ABOYI JOHN IKONGBEH, J.C.A: The respondents, as plaintiffs in the court below, embarked upon a foolhardy venture when they agreed to dispense with oral evidence without ensuring that the documents put in evidence supported the traditional history they had pleaded as to their root of title in their statement of claim. As events turned out, none of the documents before the learned trial Judge went anywhere near the direction of establishing the traditional history. There were 5 of them. Exh. A was the record of proceedings in an Okigwe Magistrate’s court case between one Sunday Iwu as plaintiff and the present defendant/appellant and another as defendants. Exh. B was a statement of claim in another trespass case. Exhs. C and D were the survey plans submitted by the parties herein. Exh. E was another plan.
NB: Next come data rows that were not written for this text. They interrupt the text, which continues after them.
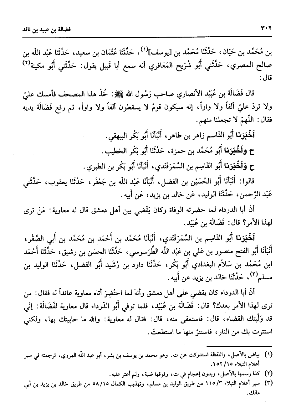 بن محمد بن حيان حدثنا محمد بن يوسف (1) حدثنا عثمان بن سعيد حدثنا عبد الله بن صالح المصري حدثني أبو شريح المعافري أنه سمع أبا قبيل يقول حدثني أبو مكينة (2) قال قال فضالة بن عبيد الأنصاري صاحب رسول الله (صلى الله عليه وسلم) خذ هذا المصحف فأمسك علي ولا ترد علي ألفا ولا واوا إنه سيكون قوم لا يسقطون ألفا ولا واوا ثم رفع فضالة يديه فقال اللهم لا تجعلنا منهم أخبرنا أبو القاسم زاهر بن طاهر أنبأنا أبو بكر البيهقي ح وأخبرنا أبو محمد بن حمزة حدثنا أبو بكر الخطيب ح وأخبرنا أبو القاسم بن السمرقندي أنبأنا أبو بكر بن الطبري قالوا أنبأنا الحسين بن الفضل أنبأنا عبد الله بن جعفر حدثنا يعقوب حدثني عبد الرحمن حدثنا الوليد عن خالد بن يزيد عن أبيه أن أبا الدرداء لما حضرته الوفاة وكان يقضي بين أهل دمشق قال له معاوية من ترى لهذا الأمر قال فضالة بن عبيد أخبرنا أبو القاسم بن السمرقندي أنبأنا محمد بن أحمد بن محمد بن أبي الصقر أنبأنا أبو الفتح منصور بن علي بن عبد الله الطرسوسي حدثنا الحسن بن رشيق حدثنا أحمد ابن محمد بن سلام البغدادي أبو بكر حدثنا داود بن رشيد أبو الفضل حدثنا الوليد بن مسلم (3) حدثنا خالد بن يزيد عن أبيه أن أبا الدرداء كان يقضي على أهل دمشق وأنه لما احتضر أتاه معاوية عائدا له فقال من ترى لهذا الأمر بعدك قال فضالة بن عبيد فلما توفي أبو الدرداء قال معاوية لفضالة إني قد وليتك القضاء قال فاستعفي منه قال فقال له معاوية والله ما حابيتك بها ولكني استترت بك من النار فاستتر منها ما استطعت
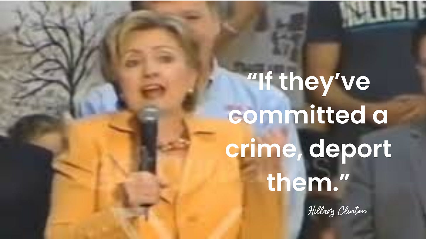 Perhaps America’s most ruthless and clinical political operative, Hillary Clinton is right in the thick of this collapse of truth. Like her husband, Clinton’s historical position on illegal immigration has not been ambiguous. As a senator, Secretary of State, and a presidential candidate, she supported deportation as a matter of law enforcement and national sovereignty. In 2008, she stated plainly:
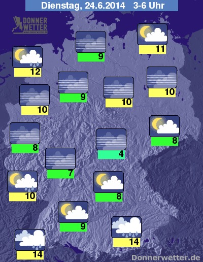 In der kommenden Nacht fällt im äußern Norden und Süden bei häufig dichtere Bewölkung zeitweise Regen, sonst ist es verbreitet aufgelockert bewölkt, zum Teil auch klar und es bleibt trocken. gebietsweise ist es neblig-trüb. Die Tiefstwerte erreichen 14 Grad in Freiburg und 4 Grad am Elstergebirge.
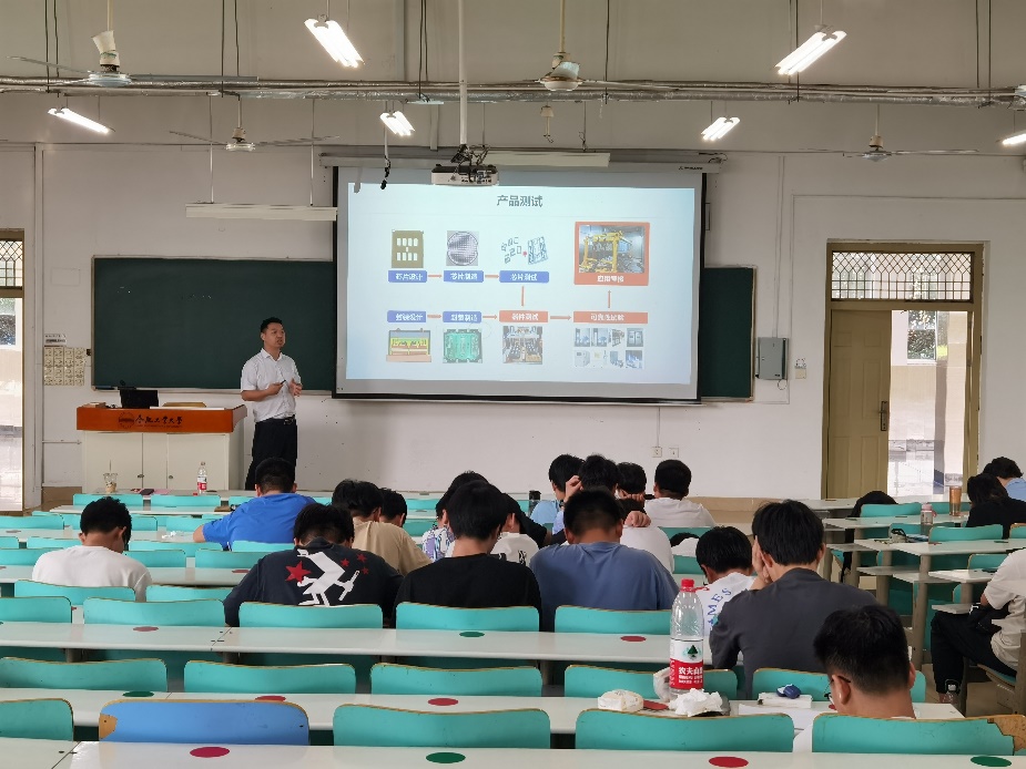 下午株洲中车时代半导体有限公司一行在翡翠湖校区为sunbet、微电子公司老员工带来了精彩讲座。该公司芯片技术专家、公司06届员工姚震洋,招聘经理何贻海分别围绕半导体产业发展、高功率半导体器件技术等内容为同学们进行了分享交流,并向同学们提出了“练就本领、工业报国、产业报国”的倡议。

None of these had any bearing whatsoever on the traditional history as to root of title pleaded by the plaintiffs/respondents in paragraphs 4-6 of their statement of claim.

 

The fact that the appellant too had agreed to this arrangement did not mean that he had admitted the facts as to the traditional history pleaded. It only meant that he had agreed that the plaintiffs/respondents could rely on any documents they wanted, provided they supported the traditional history pleaded. He had in paragraph 7 of his own pleading stoutly denied the averments in the statement of claim and thus joined issue on them with the respondents. The burden of proving these averments, therefore, still rested squarely on the respondents to establish same. They were perfectly at liberty to opt not to call oral evidence but rely only on documentary evidence. If those documents fail to establish their traditional history, especially as to their root of title, as has happened here, they would have themselves to blame as their claims must fail, as they clearly failed in this case.

 

Looking at everything, I too see merit in the complaint by the appellant that the learned trial Judge based his decision not on evidence but on the averments in the statement of claim, which, to make matters worse, were clearly and unequivocally denied and not proved by the plaintiffs. The respondents gambled and lost. They, and not the appellant, should be left to hold the bag.

 

This appeal succeeds and I tool allow it. I abide by all the consequential orders.

 

Cases referred to in the judgment

Elias v. Omo Bare (1982) 5 S.C.25.

Ikyereveiodye v. Tor Ihayambo S.C 112/93.

Idundun v. Daniel Okumagba (1976) 9-10 S.C. 227.

Kodilinye v. Odu (1935) 2 WACA 136.

Onobruchere v. Esegine (1986) 1 NWLR (Pt. 19) 799.

Total Ltd v. Nwako (1978) 5 S.C. 1.

Ueojiako v. Ezenamuo (1990) 1 NWLR (Pt. 126) 253.